Given the high-dimensionality of the data set the p-values were adjusted based on the concept of false discovery rate (FDR; [34]). If no probe g is differentially expressed the p-values will follow a U (0,1), where U stands for 'uniform distribution'. The so-called Mixture Distribution Partitioning (MDP) methodology assumes that the distribution of p-values consists of a set of null p0 and alternative p1 components. This partition forms the basis for estimating various quantities as for example the q-values, which were obtained here with the QVALUE software [35]. The problem now is to select a threshold of significance to identify a set of genes likely to be differentially expressed. As an unsupervised criterion we used a q-value cut-off ≤ 0.05 for the P13 vs. P22 planned comparisons, meaning that the maximum expected proportion of false positives incurred when calling a particular gene 'differentially expressed' is 5%.

d) Computer software for statistical analysis

The computer programs used for statistical data analyses were MATLAB algebra program environment (ver. 7.0.4 [77]) together with the collection of tools supplied by the Statistics Toolbox (ver. 5.0.2 [78]). The statistical software packages STATISTICA version 6 [79] and SPSS version 13 [80] were also used.

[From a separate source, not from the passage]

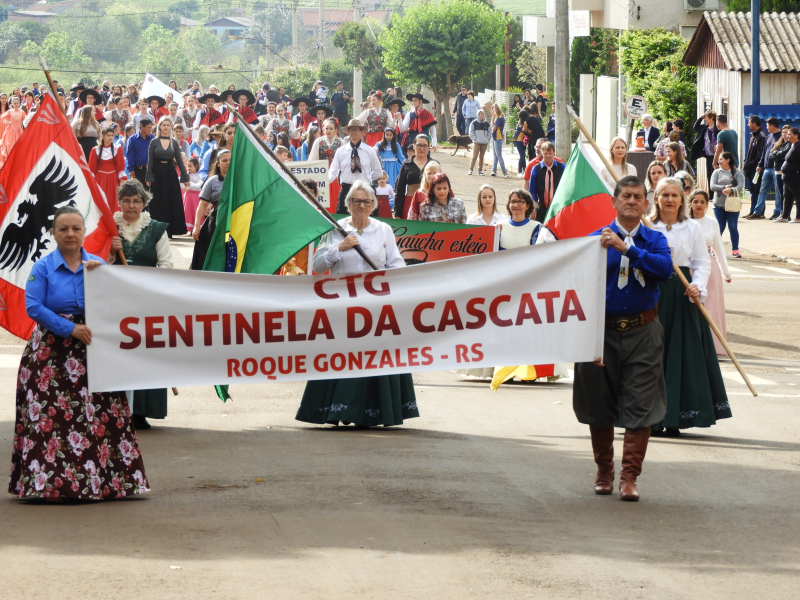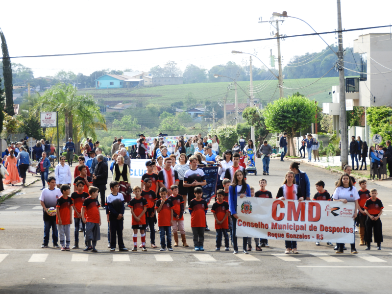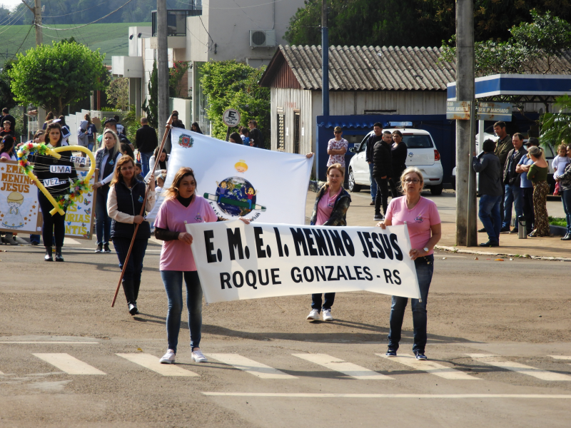 Na sequência escolas da rede municipal e estadual de ensino, apresentaram durante o desfile atividades desenvolvidas pelas escolas durante o ano. Após as escolas o desfile contou com a participação da Emater, Sindicato dos trabalhadores Rurais e Cooperativas que atuam no município, que levaram ao desfile o potencial agrícola de Roque Gonzales. Na continuidade foi a vez do Moto Grupo Fora de Rota e do Grupo Pouca Pratica, realizar um desfile sobre duas rodas. O encerramento do desfile ficou a cargo dos Cavalarianos da Inverna Campeira João Vier do CTG Sentinelas da Cascata, que além do tradicionalismo, levou para desfile um pouco da história dos jesuítas e guarani.

Mapping of candidate genes

The flies used for physical mapping of candidate genes were collected from a natural population in Bordils (70 Km North-east of Barcelona, Spain; 42° 3' N, 2° 54' E). About 150 males were individually crossed to three or four virgin females from the ch-cu marker strain to help in the identification of polymorphic inversions (the genetic background of this strain is highly homogeneous and fixed for the standard arrangements in all major acrocentric chromosomes but chromosome O, where it is fixed for arrangement O 3+4 .

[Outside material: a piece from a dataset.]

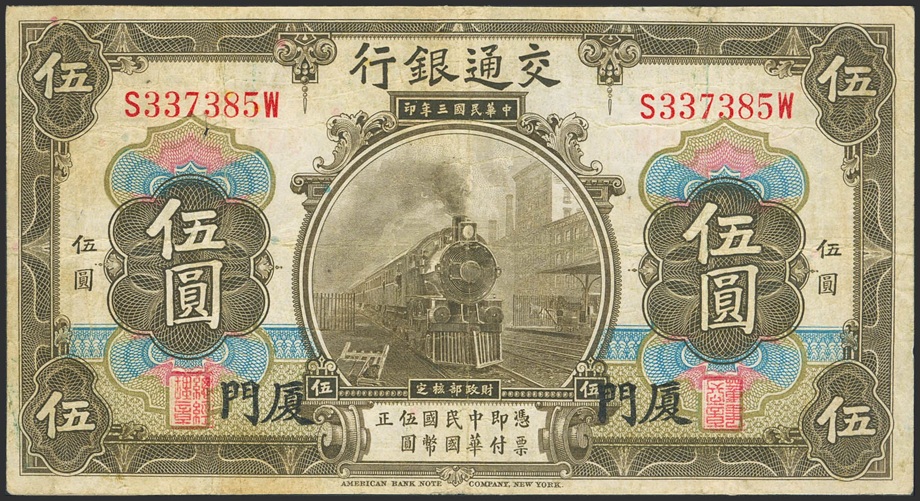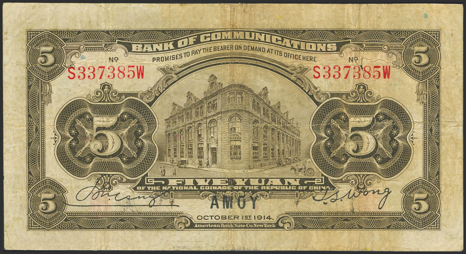 CHINA. 5 Yuan. 1 October 1914. Bank of Communications. Amoy. (Pick: 117a). Fine.

DNA isolation, DNA amplification, polytene chromosome preparation and in situ hybridization were carried out using standard techniques [81]. The karyotype of D. subobscura consists of five acrocentric chromosomes and a dot chromosome. Following [82] the large chromosomes in this species are traditionally named as A (= X, the sex chromosome), J (= chromosomal element D of Mueller/Sturtevant/Novitski and homologous to arm 3L in Drosophila melanogaster [59]), U (= chromosomal element B and homologous to arm 2L), E (= chromosomal element C and homologous to arm 2R), and O (= chromosomal element E and homologous to arm 3R). The five major acrocentric chromosomes and the dot chromosome are divided into 100 sections (A: 1 – 16; J: 17 – 35; U: 36 – 53; E: 54 – 74; O: 75 – 99; Dot :100), and each section into 3–5 subsections (A, B, ...) [83].